### PROBLEM
All of the data must be written out verbatim, with pictures excluded.

### SOURCE DATA
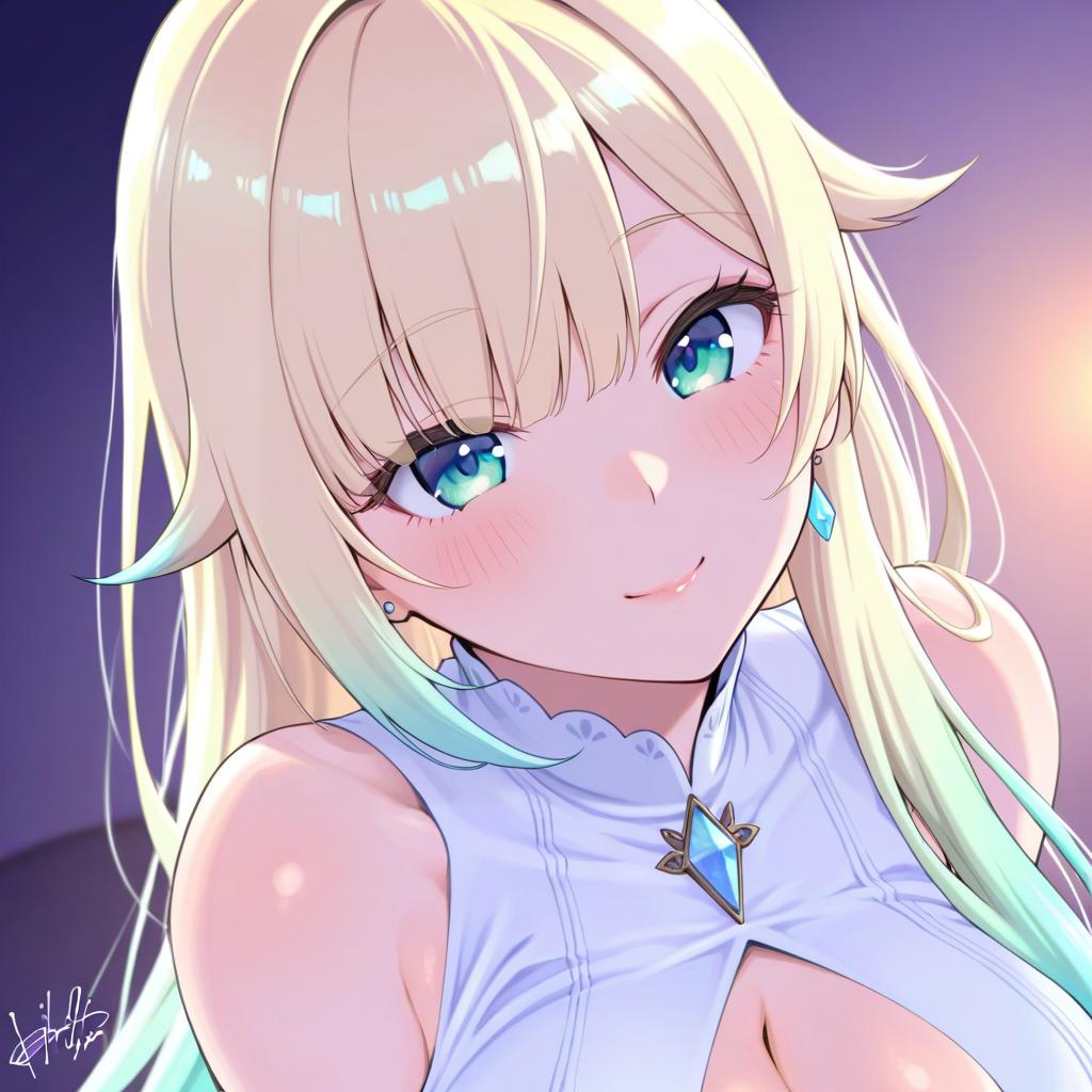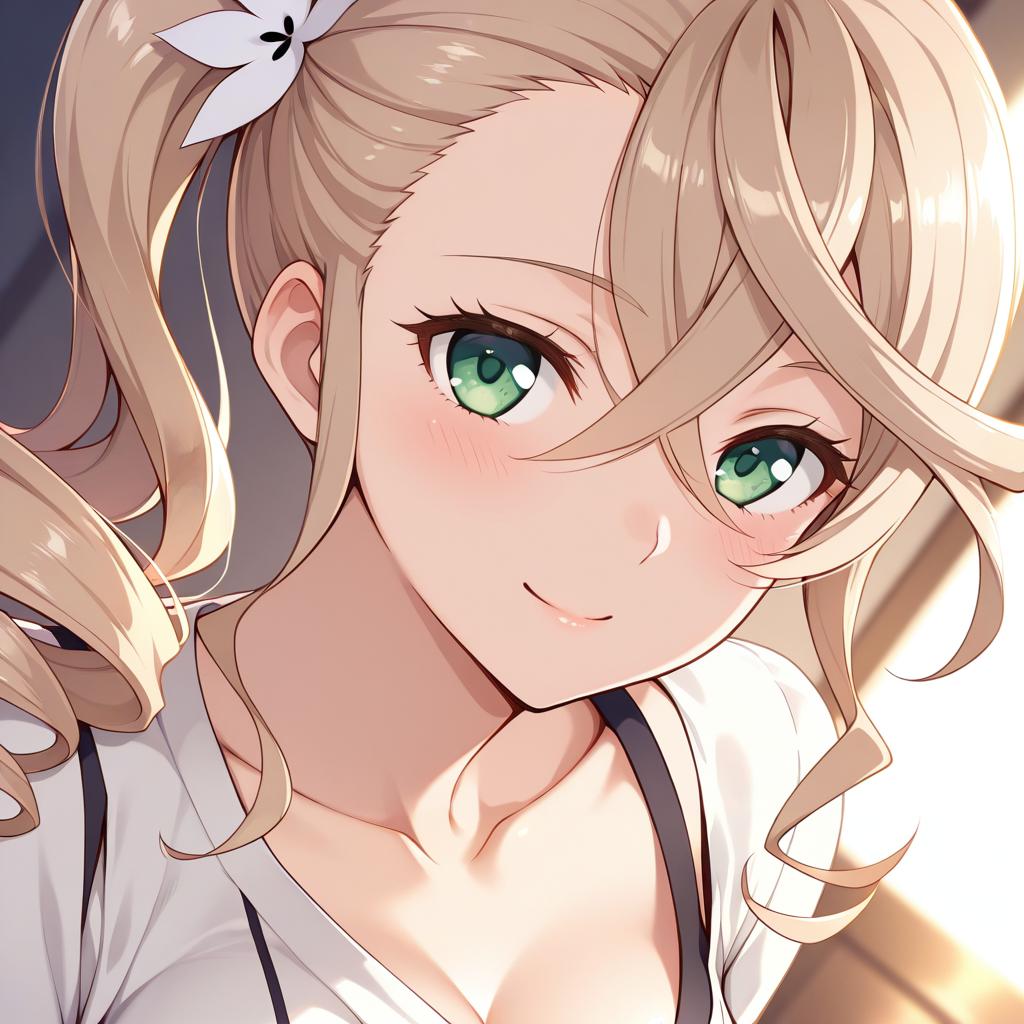 Aeru (simoun), simoun, 1girl, green eyes, blonde hair, double bun, by artist moisture (chichi), illustrious
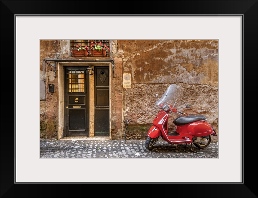 <p>Parked red Vespa scooter in a cobbled street of Rome, Lazio, Italy</p>
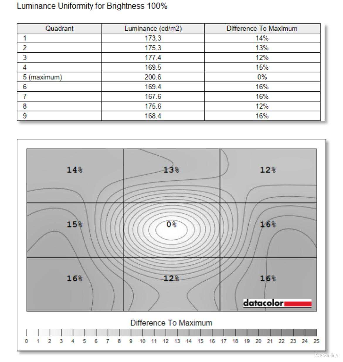 但HVA面板也不是十全十美,在面板均匀度方面,可能就稍微逊色一些,在亮度均匀性上,在100%测试亮度的情况下,VG253KM的面板四周都会出现超过10%的亮度差异,最大差值为16%,差距在30尼特左右,这个差距虽然可以被一些敏感的用户所察觉,但在日常使用中由于屏幕不是一直处于高光或者黑暗的情况,实际效果仍然可以接受。
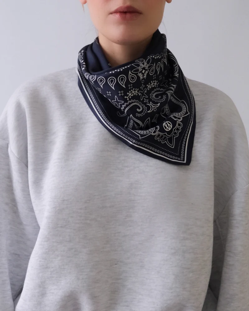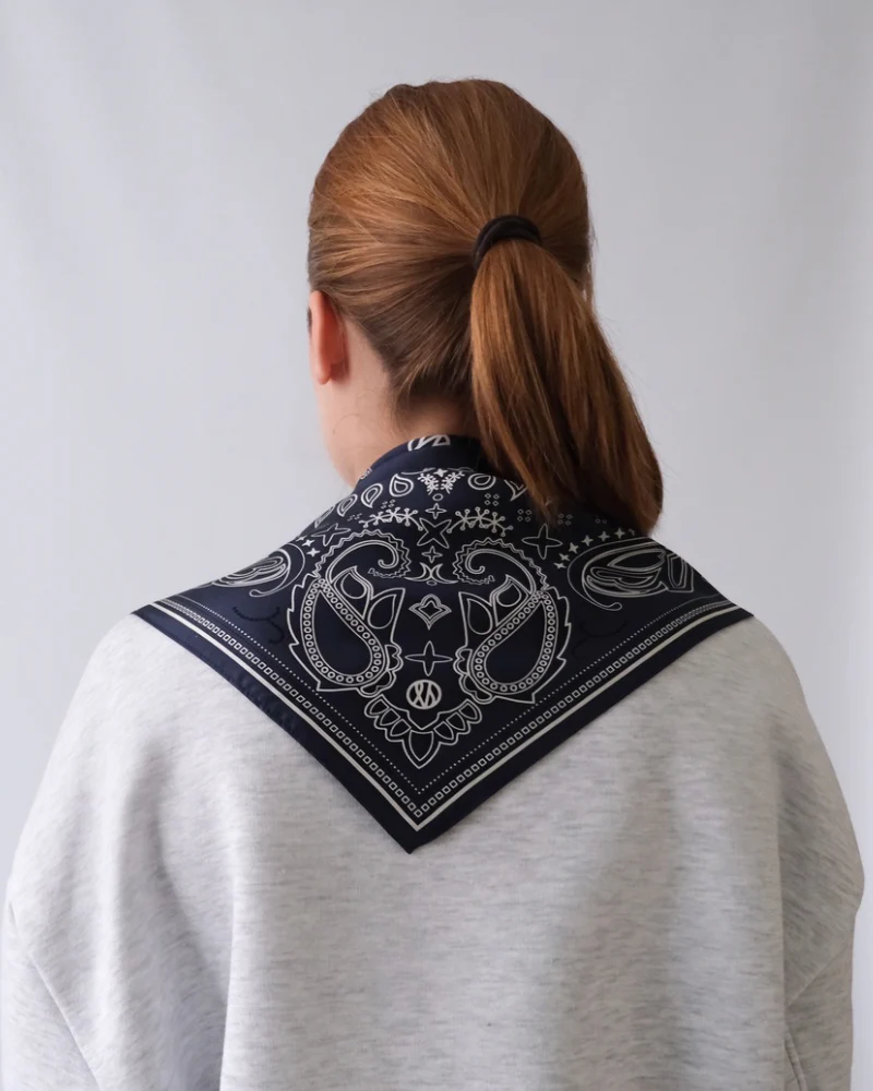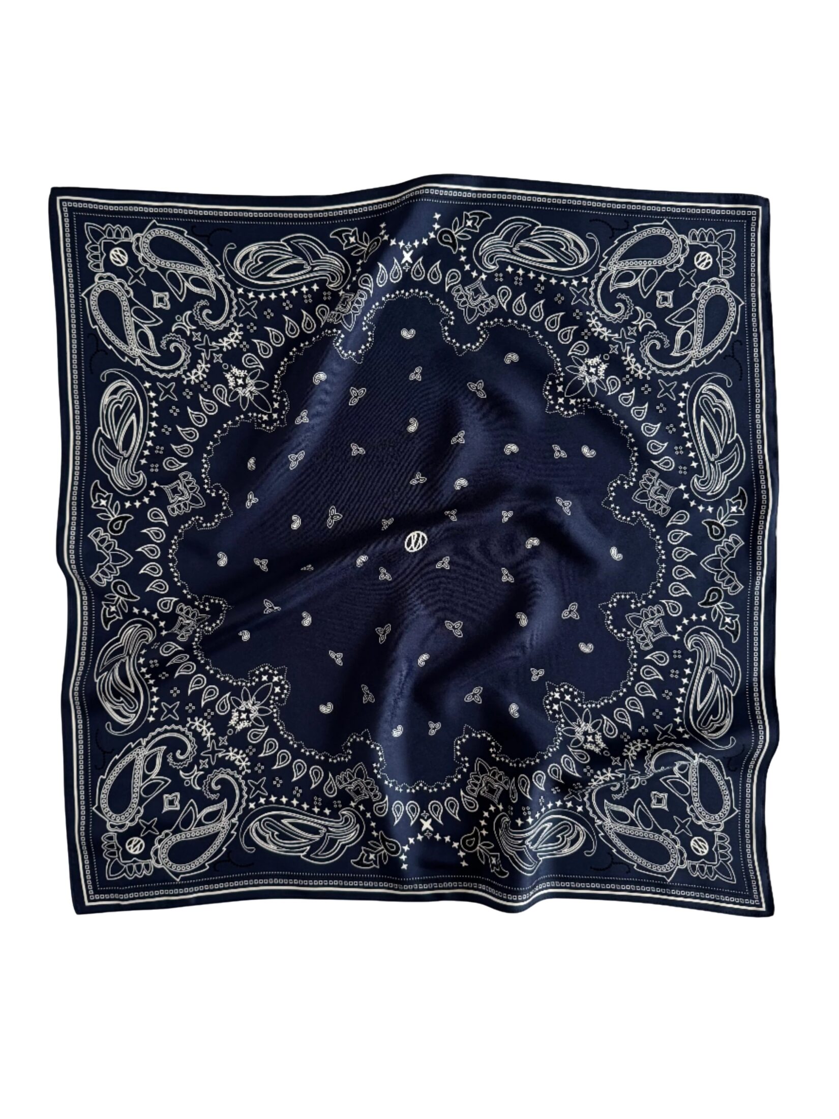 Et elegant silkesjerf fra LeScarf i 100% silke, med et klassisk bandanamønster i elegante mørke toner. Den glatte silkekvaliteten gir et raffinert uttrykk og et lett, luksuriøst fall.

### EXPECTED OUTPUT
 Aeru (simoun), simoun, 1girl, green eyes, blonde hair, double bun, by artist moisture (chichi), illustrious
 <p>Parked red Vespa scooter in a cobbled street of Rome, Lazio, Italy</p>
 但HVA面板也不是十全十美,在面板均匀度方面,可能就稍微逊色一些,在亮度均匀性上,在100%测试亮度的情况下,VG253KM的面板四周都会出现超过10%的亮度差异,最大差值为16%,差距在30尼特左右,这个差距虽然可以被一些敏感的用户所察觉,但在日常使用中由于屏幕不是一直处于高光或者黑暗的情况,实际效果仍然可以接受。
 Et elegant silkesjerf fra LeScarf i 100% silke, med et klassisk bandanamønster i elegante mørke toner. Den glatte silkekvaliteten gir et raffinert uttrykk og et lett, luksuriøst fall.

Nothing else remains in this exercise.